INFORM|FME Platform: WIN32 And the resource manager parameters:

INFORM|FME Configuration: Process limit is 4.00 GB (out of 24.00 GB physical memory and 4.00 GB address space)

INFORM|FME Configuration: Start freeing memory when process usage exceeds 2.83 GB of memory or 3.41 GB of address space

INFORM|FME Configuration: Stop freeing memory when process usage is below 2.12 GB of memory and 2.56 GB of address space

INFORM|FME Configuration: Autodetermining optimal maximum number of objects in memory

There is plenty of disk space and adequate memory. We’re on a 64-bit platform but only using 32-bit FME, which is a bit disappointing as there is 25 GB of memory, but we can perhaps let that go.

Let’s skip to the foot of the log now and see how long it took to run and how much memory was consumed at the peak:

INFORM|FME Session Duration: 4 minutes 1.0 seconds. (CPU: 185.7s user, 50.4s system)

INFORM|END - ProcessID: 96656, peak process memory usage: 3065096 kB, current process memory usage: 652096 kB

Two things are a worry there. The system time seems high (50.4 seconds) considering we’re reading/writing local files and not a database.

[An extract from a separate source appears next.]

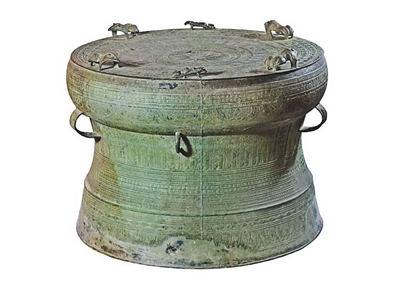 《后汉书·马援传》记载了铜鼓的故事。伏波将军马援一生铁马金戈,南征交趾时,得骆越铜鼓,将其熔铸成骏马献给皇帝。由此,唐宋以后,两广地区若出土铜鼓,便被附会为马援的遗物,称“伏波鼓”。后人会在寺庙供奉铜鼓,以求风调雨顺、国泰民安。顺便一提的是,寺庙中的风雷鼓,由敲击的轻重缓急不同,可以模拟风、雨、雷、电之声,配合早课的引磬、云板,又与钟声相呼应,演绎的是晨钟暮鼓的警觉醒悟。海南的文昌、万宁等地,现在仍有铜鼓地名。若鼍鼓是初始的正统之音,那后世的铜鼓则更增豪迈,集乐器、神器、重器为一身,饱含着丰饶富庶的祈愿。

The peak memory is also worrying. It’s close to – if not above – the amount required for FME to start releasing memory and reorganizing data. In fact if we scan the log content:

INFORM|Finished clipping 558250 / 872545 clippees against all clippers

INFORM|ResourceManager: Optimizing Memory Usage. Please wait...

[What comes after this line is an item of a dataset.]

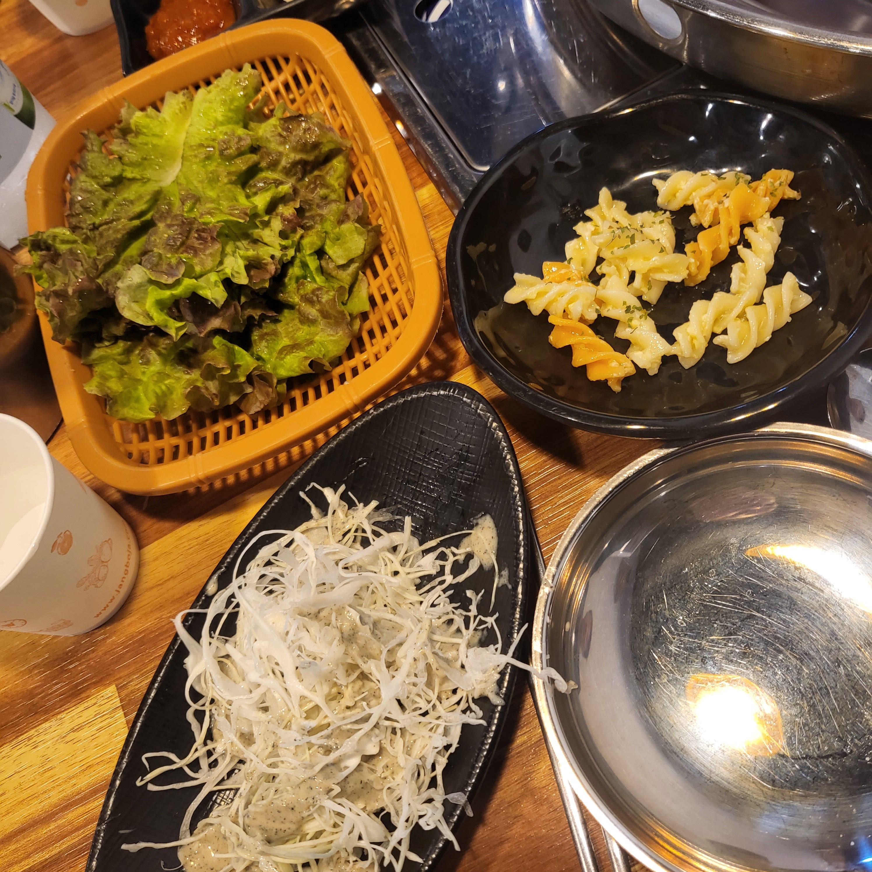 기본 반찬들로는 쌈과 샐러드 등이 나왔는데, 꽈배기처럼 생긴 파스타 면 푸질리는 너무 밀가루맛 ㅠㅠ

INFORM|Finished clipping group 1 / 2

INFORM|Finished clipping 569200 / 872545 clippees against all clippers

So we can see that FME had to start optimizing memory usage. It probably resulted in some disk caching, and that might be the cause of the high system time.

3) Run Workspace

It's important to note that, because of different machine specifications, you may get vastly different results to this log. That's fine; the important part is the techniques used, not the exact timings. When you run this workspace, if you think your computer may be slower than average, you can reduce the amount of data being processing by changing the source dataset to "CellSignals2015-Lite.csv". Memory Optimization, in particular, may work differently depending on what other applications you have running at the same time.

Anyway, run the workspace. Obviously you can expect that it will take approximately 4 minutes to complete on a 32-bit machine. Do your results match what occurred in the above log file?

If you have access to 64-bit FME, then why not try it to see if the performance improves. Notice that there’s no problem in opening the same workspace in 32-bit and 64-bit FME. Workbench is the same; it’s just how the workspace is run that is different.

NB: *On my machine the use of 64-bit FME improves the performance considerably:

INFORM|FME Session Duration: 2 minutes 59.3 seconds. (CPU: 161.8s user, 12.1s system)

INFORM|END - ProcessID: 95448, peak process memory usage: 6202968 kB, current process memory usage: 5287992 kB

Notice how the time used is about 1 minute less, and the amount of time used by the system (e.g. for reading and writing files) is reduced by about 90%

The amount of memory usage has increased, indicating that the 32-bit FME was having problems with an excess of data and had to resort to disk caching.*

Jake Speedie says…
“In case you’re interested, the cell phone power values appear to be in dBm units – which is Decibel-Milliwatts. So now you know!”